Sharpe earned his Bachelor of Arts in English and American Literature magna cum laude from New York University, where he was elected to Phi Beta Kappa. Before entering law school, he worked for three years as an analyst in the Investment Banking Division of Morgan Stanley in New York. He later earned his Juris Doctor from Yale Law School, where he served as managing editor of the Yale Journal of International Law.

== Career ==
After graduating from Yale Law School, Sharpe began his legal career as a litigation associate at Cravath, Swaine & Moore LLP in New York, where he practiced from 2003 to 2005. He then clerked for Judge Gerald Bard Tjoflat of the United States Court of Appeals for the Eleventh Circuit from 2005 to 2006. Following his clerkship, he transitioned to academia, serving as a Bigelow Teaching Fellow and Lecturer in Law at the University of Chicago Law School from 2006 to 2008.

Sharpe joined the University of Illinois College of Law in 2008 as a member of the faculty. Over the course of his career at Illinois, he has taught courses in Administrative Law, Federal Courts, and Immigration Law.
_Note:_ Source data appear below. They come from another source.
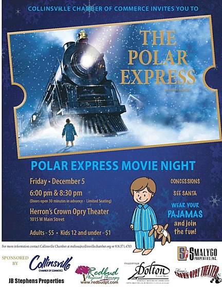 5:30pm CHS Girls Basketball - at Bixby Tourn. -vs- Owasso (w/ Owasso, Bixby, Edison, Glendale, Del City, Stillwater) 6:30pm CHS Boys Basketball - at Coweta Tourn. (-vs- Central) tba JrHi Wrestling at Sand Springs Tournament 7pm Polar Express Movie Night at the Crown (Hosted by Chamber $1 kids & $5 adults) 7pm 4A HS Football State Finals -- Oologah -vs- Wagoner at Broken Arrow |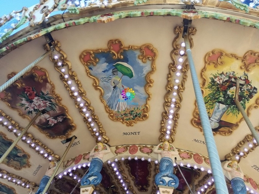 Une fois le ventre plein, vous pourrez aller faire un tour sur le superbe carrousel surplombant le bassin, en plus même les adultes ont le droit d’y monter !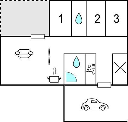 Badeværelse (nr. 2) - WC. Varmt og koldt vand. Bruser
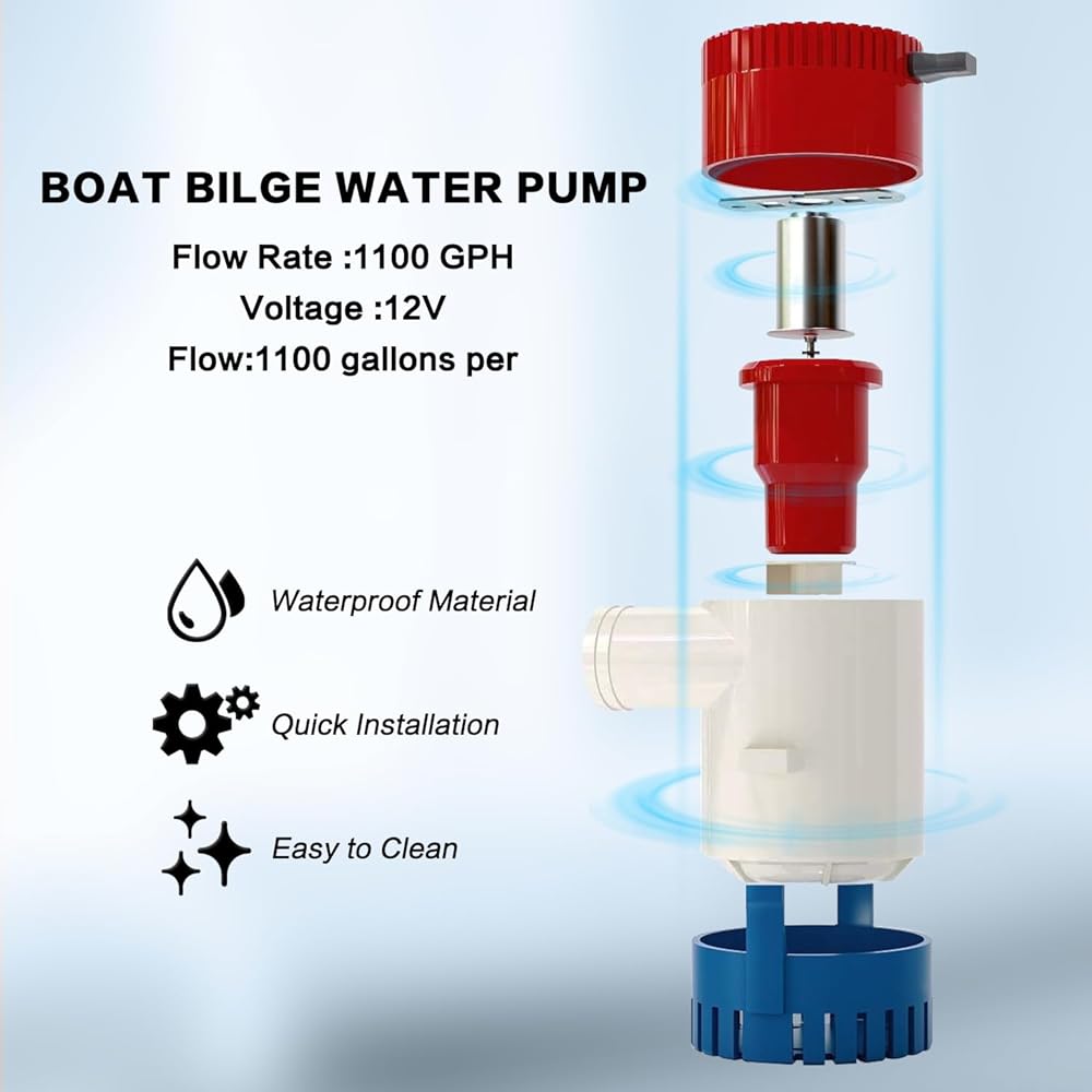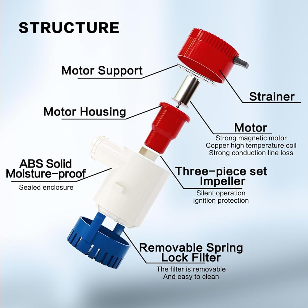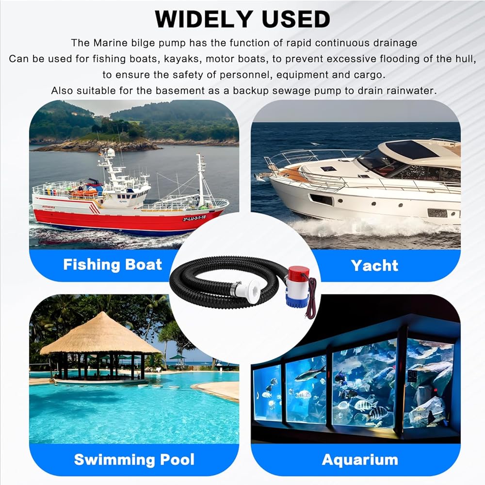 • هيكل متين: مضخة ماء للقارب 12 فولت مع غطاء من البلاستيك الحراري وعمود من الفولاذ المقاوم للصدأ. تصميم مقاوم للتآكل يتحمل المياه المالحة، والتعرض للأشعة فوق البنفسجية، وإزالة الماء المستمر بمعدل 1100 جيجا في الساعة

Between 2013 and 2016, he served as the Senior Associate Dean for Academic Affairs, helping to guide the school’s curriculum and academic policies. In 2015–2016, he was selected as a fellow in the CIC Academic Leadership Program, and in 2017, he was named a Provost Fellow for the University of Illinois Urbana-Champaign.

In recognition of his scholarship, Sharpe was appointed Guy Raymond Jones Faculty Scholar, one of the law school’s named faculty positions. In August 2023, he became the 14th Dean of the University of Illinois College of Law, where he oversees the school’s academic programs, faculty development, and student success initiatives.

=== Scholarship ===
Sharpe is regarded as a leading voice in administrative law scholarship. His articles have appeared in numerous law journals and his 2018 article “Delegation and Its Discontents” won the Carroll P. Hurd Award for Excellence in Faculty Scholarship. His casebook Administrative Law: A Lifecycle Approach (Aspen Casebook Series) earned the Wayne R. LaFave Award for Excellence in Faculty Scholarship in 2022.

== Personal life ==
Sharpe is married to Nicola Faith Sharpe, a Professor of Law at the University of Illinois College of Law, who teaches business law and whose research centers on corporate governance, ethics, and board decision-making.